Records to use
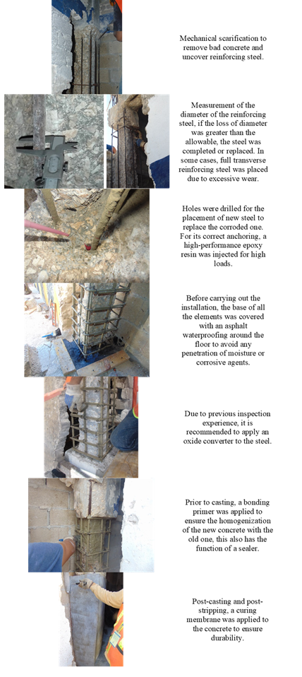 After the inspection carried out, it was found that the structural and architectural elements could be intervened for their consolidation with the new structure to be built inside the building as part of its change of use. All repair strategies were established to be able to provide the structure with a new service life and durability against current and future pathological problems to which it could be subjected, considering the mechanical characteristics of the elements themselves, as well as the use of the safety factors (NMX-C-530-ONNCCE, 2018; Val and Stewart, 2002; Melchers, 2001). These strategies were based on previous experiences and on the literature such as the Rehabilitar Manual (Helene and Pereira, 2003). The purpose of these repairs was to remove damaged concrete or that presented a pathological problem such as carbonation, as well as to ensure structural stability with the recalculation and restructuring of the amount of steel necessary in the elements, in addition to ensuring the adequate coating according to the structural requirements. Figure 3 shows processes of deterioration of the structure. To define the repair strategies, it was necessary to establish the types of repairs to be used:
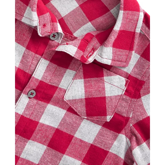 First Impressions adds button-up style to his wardrobe with this adorable long-sleeve shirt, showcasing a super-soft feel and buffalo check print.
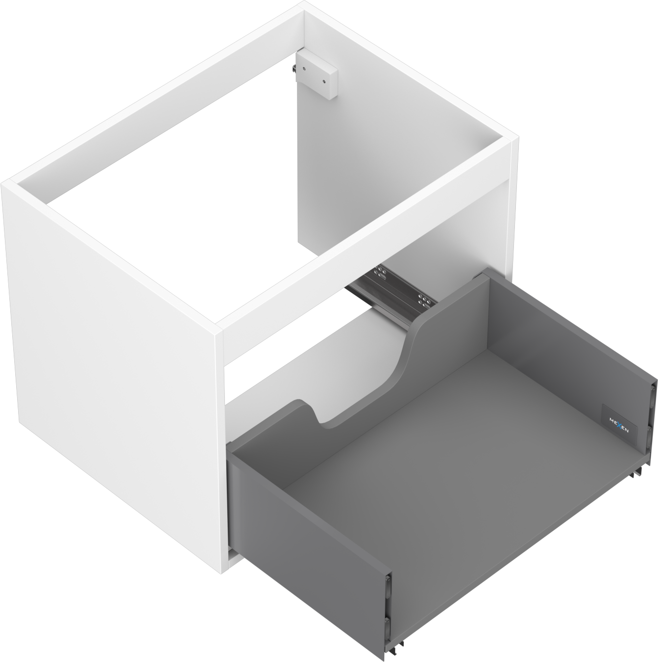 Изрезът в чекмеджето е проектиран по такъв начин, че да побере сифона, който е необходим в мивковите инсталации. Благодарение на това мебелът може да бъде монтиран напълно функционално, без да се налага отказване от пространството в чекмеджето заради инсталацията.
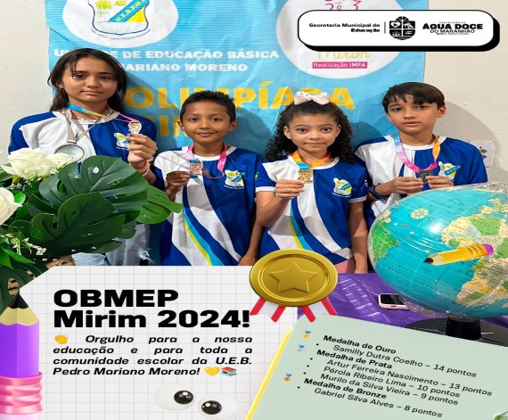 A Secretaria Municipal de Educação de Àgua Doce do Maranhão parabeniza os alunos da U.E.B. Pedro Mariano Moreno que se destacaram na OBMEP Mirim 2024! Um momento de alegria e reconhecimento pelo talento, dedicação e esforço de cada um. Medalha de Ouro…
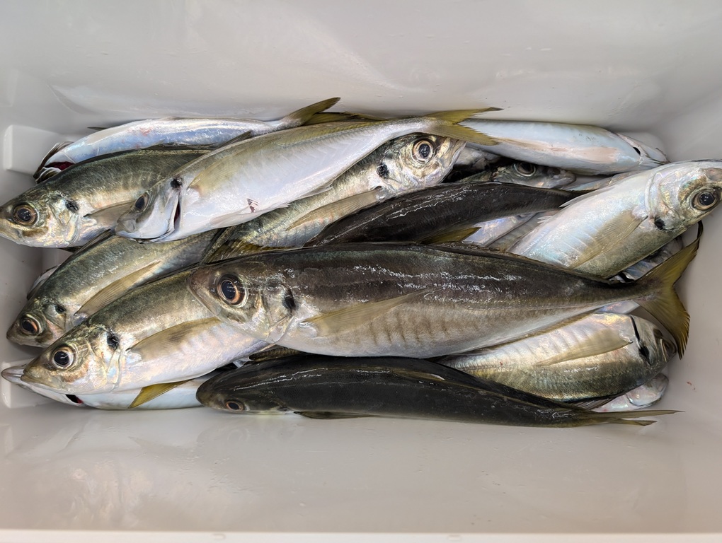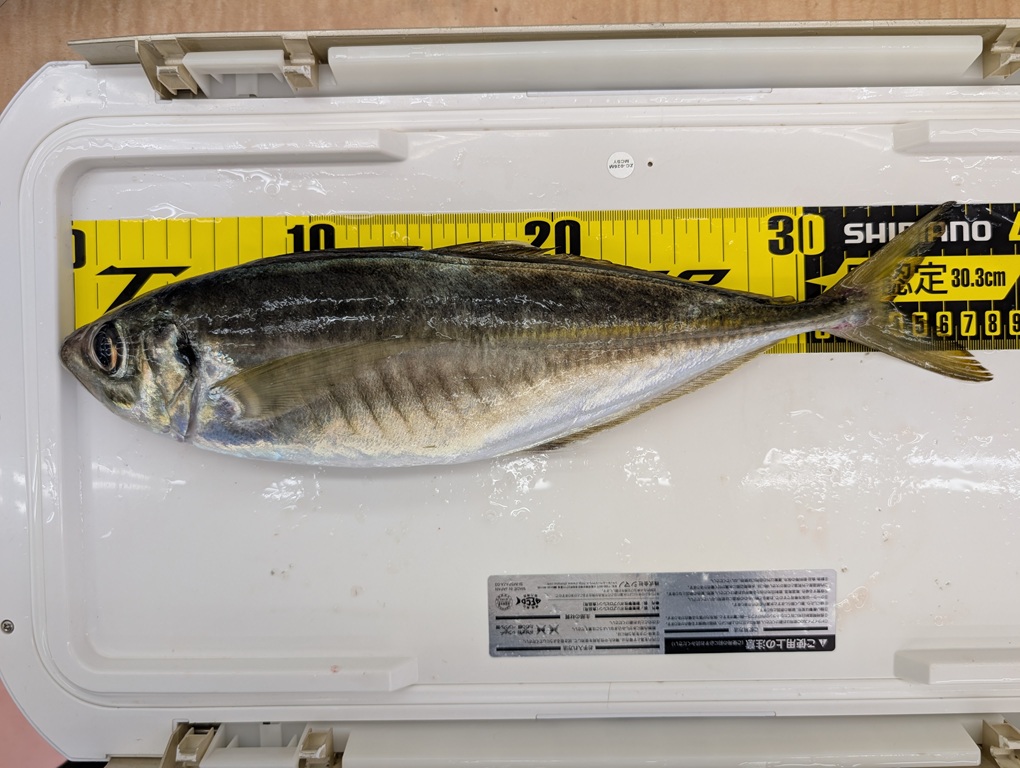 3月24日に小川港の大友丸さんでアジ五目に行ってきました。当日は午前2時30分出船。凪予報でしたが、出船してみると前日のうねりと予報以上に風もあり釣りにくい。1投目から釣れるも巻上げ途中にバラシ。ドラグを効かせてゆっくり巻上げてもバラシが止まらない・・・その後も釣れ続けるも大型は少なく30㎝前後が中心。その後ポイントを移動し、船中では大型アジが釣れだしますが、私はなかなか釣ることができず撃沈。結局25㎝~38㎝までのアジが25匹。その他にはニベやチャリコなどが釣れました。竿頭の方は最大44㎝までのアジを35匹の釣果でした。焼津沖のアジ五目は好釣果が続いていますので、近いうちにまた行きたいと思います。
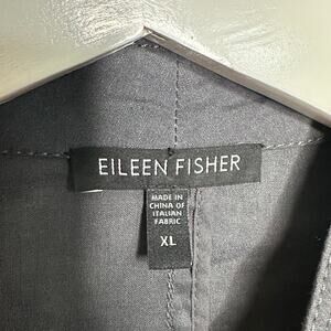 EILEEN FISHER Stand Collar Linen Open Front Jacket Steel Gray {3S24}
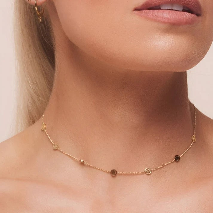 With its barely-there chain, the repeated EVER icon motifs add extra detail to the classic choker gold chain.
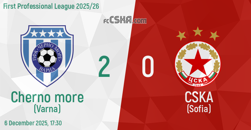 CSKA lost against Cherno more (Varna) with result 2:0 in match from 19th round of First Professional League 2025/26 played on 6 December 2025 at 17:30 on „Ticha“ stadium, in Varna.
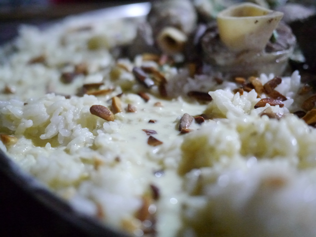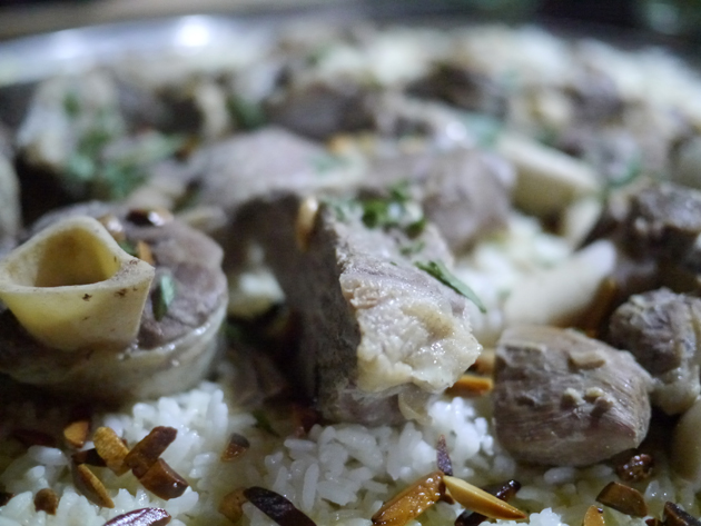 Mansaf is traditionally eaten using your hands, although I couldn’t bring myself to do it and chickened out with a spoon instead. Apparently the trick is roll some rice and meat into a ball and then flick it into your mouth. The chunks of lamb, served on the bone, was tender and occasionally earthy, but most of the flavour came from the creamy and mildly tart jameed. It was a warming and very hearty dish.
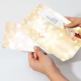 Das Weihnachtspapier mit verschiedenen Motiven lädt zum schreiben von Karten ein.
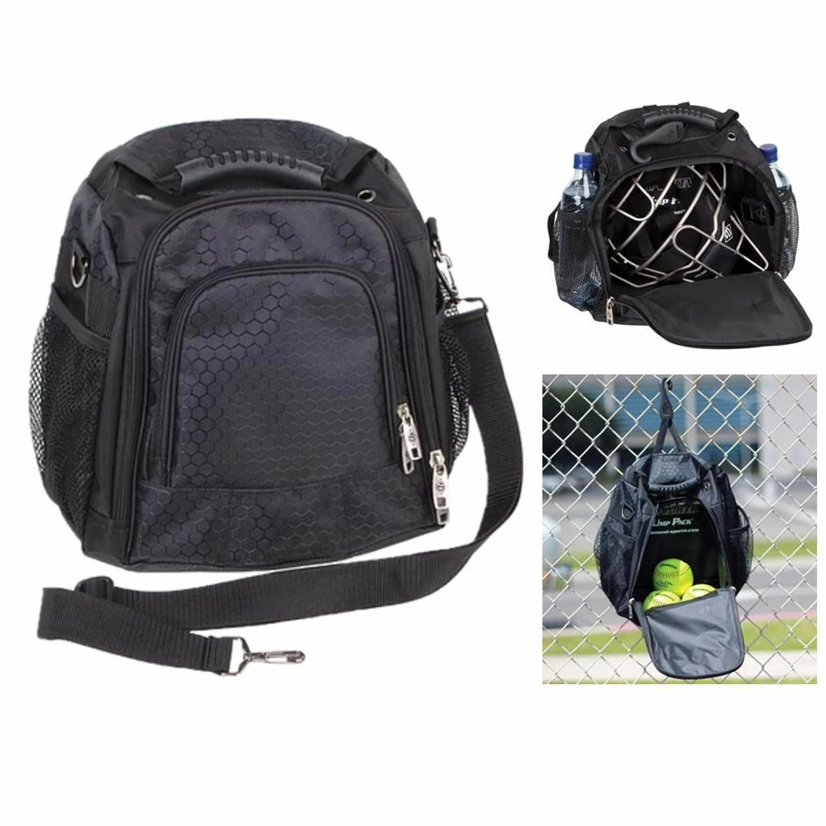 This low-profile umpire’s field bag holds all your on-the-field essentials. The main compartment can hold a umpire helmet/guard and the inside pockets can hold keys and other small items. Additional features include an easy-access fence hook, concealed drop down face guard hook and dual water bottle pockets.
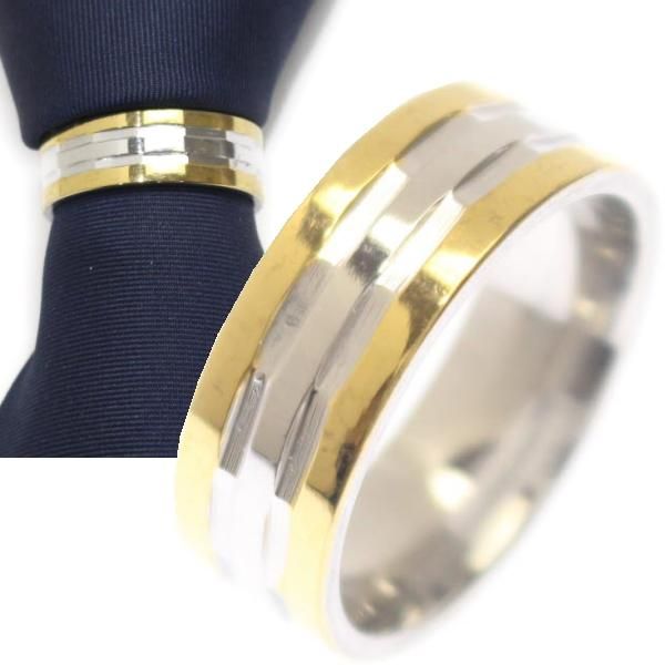ネクタイリング・ゴールド×シルバー・ストライプのタイリング (スカーフリング)
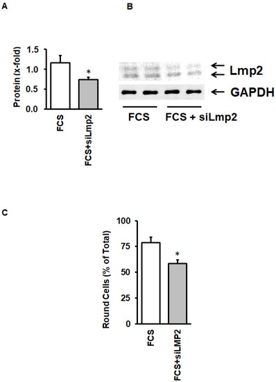 Effect of siRNA directed against LMP-2 on LMP-2 expression and cell rounding in cultured cardiomyocytes. (A) LMP-2 protein expression normalized to GAPDH; (B) Original Western Blot showing the expression of LMP-2; (C) Number of round cells after incubation with FCS or FCS and siRNA directed against LMP-2. Data are means ± SD from n = 5 preparations. *, p < 0.05 vs. FCS.
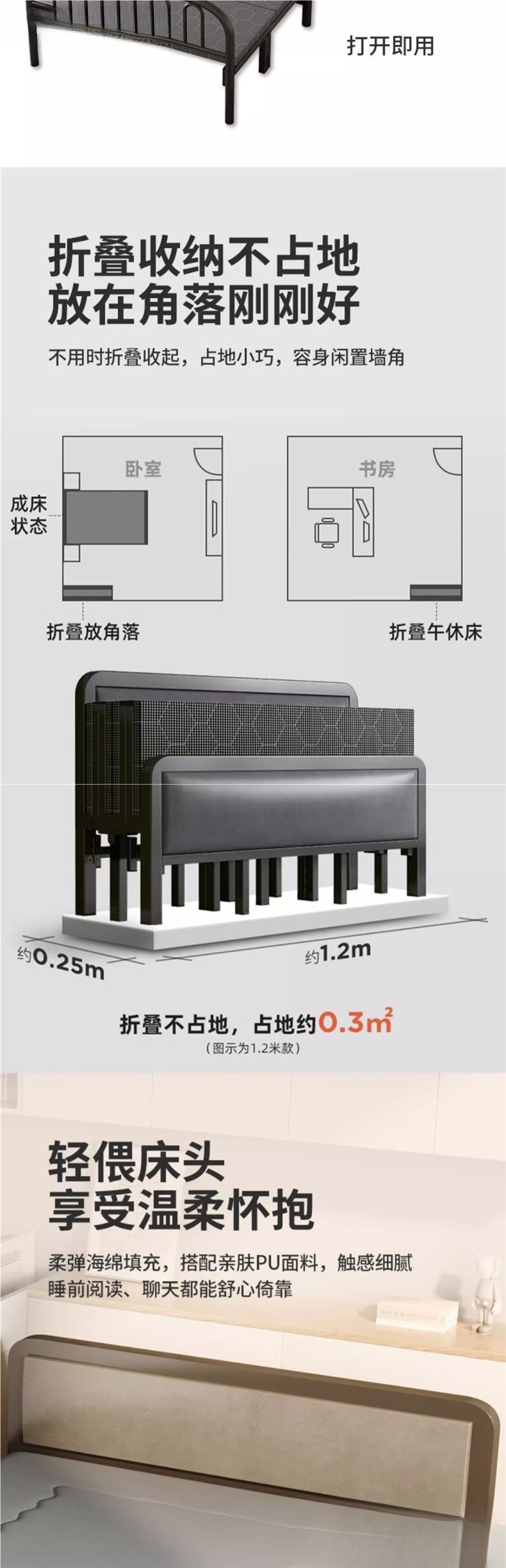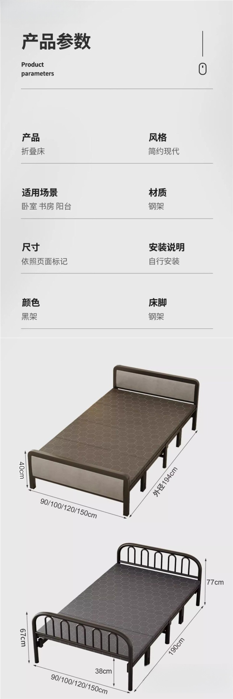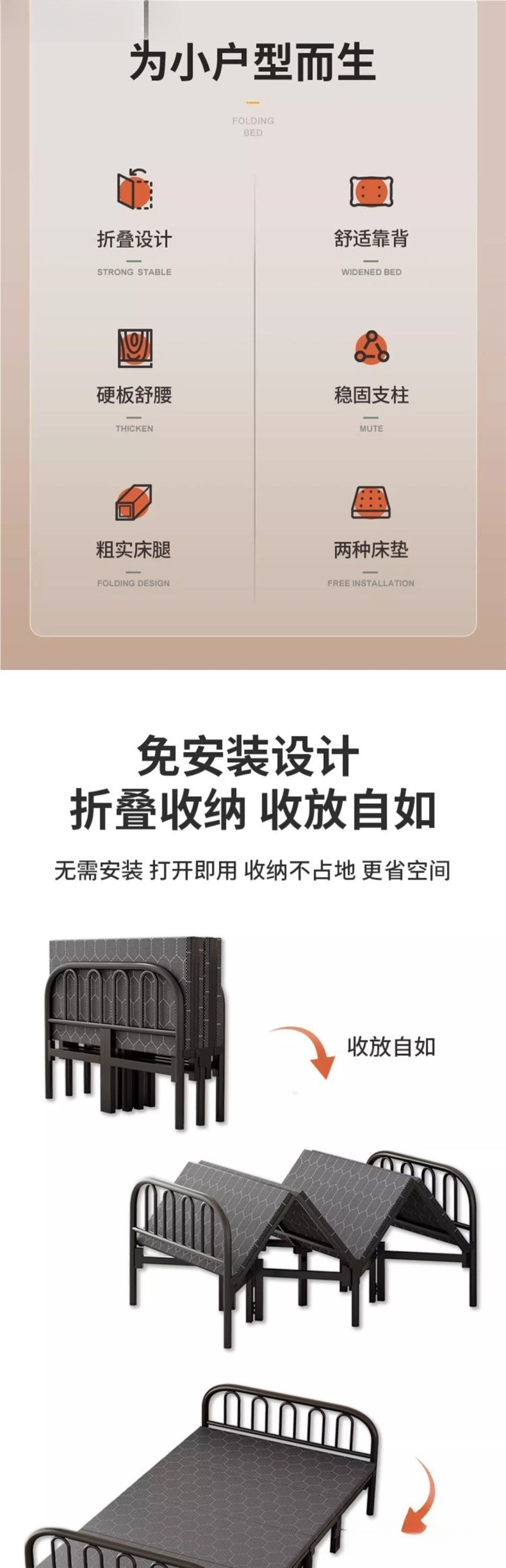 접이식 침대, 가정용 더블 침대, 임대 주택, 점심 시간 및 낮잠, 간단하고 휴대 가능한 성인 철제 침대, 튼튼하고 내구성이 뛰어난 싱글 침대스토어 가기

Task goal
Nothing but the lines from the one with "Изрезът в чекмеджето" to the one with "A Secretaria Municipal" above, both included, should be transcribed, exactly and without pictures.

Written response
 Изрезът в чекмеджето е проектиран по такъв начин, че да побере сифона, който е необходим в мивковите инсталации. Благодарение на това мебелът може да бъде монтиран напълно функционално, без да се налага отказване от пространството в чекмеджето заради инсталацията.
 A Secretaria Municipal de Educação de Àgua Doce do Maranhão parabeniza os alunos da U.E.B. Pedro Mariano Moreno que se destacaram na OBMEP Mirim 2024! Um momento de alegria e reconhecimento pelo talento, dedicação e esforço de cada um. Medalha de Ouro…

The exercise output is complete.